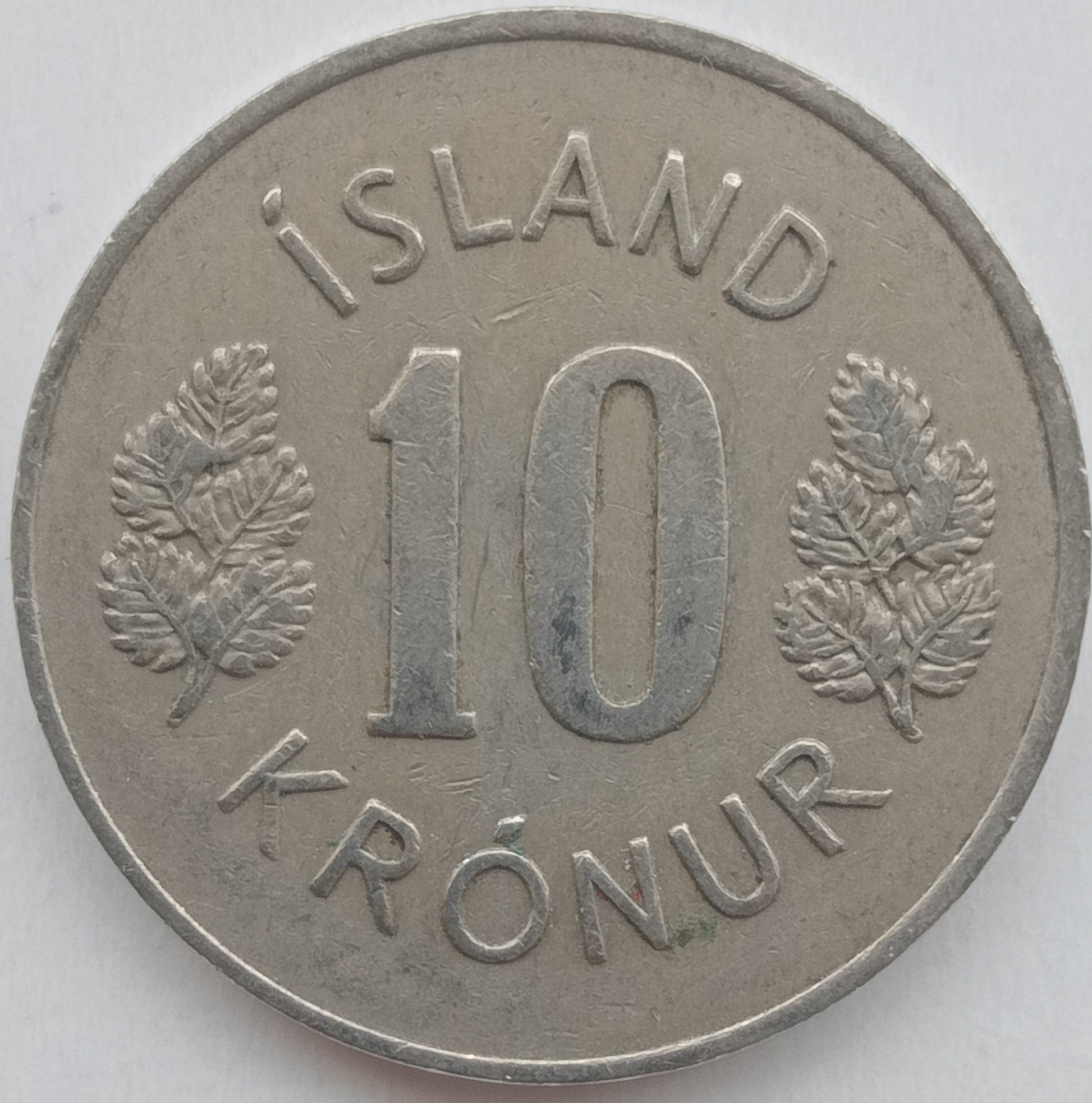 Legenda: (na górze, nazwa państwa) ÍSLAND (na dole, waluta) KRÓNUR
####
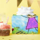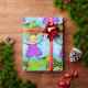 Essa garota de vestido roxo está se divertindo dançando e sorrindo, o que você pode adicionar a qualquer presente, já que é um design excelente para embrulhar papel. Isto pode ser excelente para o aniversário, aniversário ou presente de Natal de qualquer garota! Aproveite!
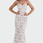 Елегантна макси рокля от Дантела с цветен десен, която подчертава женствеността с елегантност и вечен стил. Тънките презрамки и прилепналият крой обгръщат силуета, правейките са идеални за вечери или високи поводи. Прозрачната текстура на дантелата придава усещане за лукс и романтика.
####
WHAT TO PRODUCE: With pictures omitted, repeat the entries above word for word from the line holding "Essa garota de" down to the line holding "Елегантна макси рокля", keeping both of those lines.

YOUR RESPONSE:
 Essa garota de vestido roxo está se divertindo dançando e sorrindo, o que você pode adicionar a qualquer presente, já que é um design excelente para embrulhar papel. Isto pode ser excelente para o aniversário, aniversário ou presente de Natal de qualquer garota! Aproveite!
 Елегантна макси рокля от Дантела с цветен десен, която подчертава женствеността с елегантност и вечен стил. Тънките презрамки и прилепналият крой обгръщат силуета, правейките са идеални за вечери или високи поводи. Прозрачната текстура на дантелата придава усещане за лукс и романтика.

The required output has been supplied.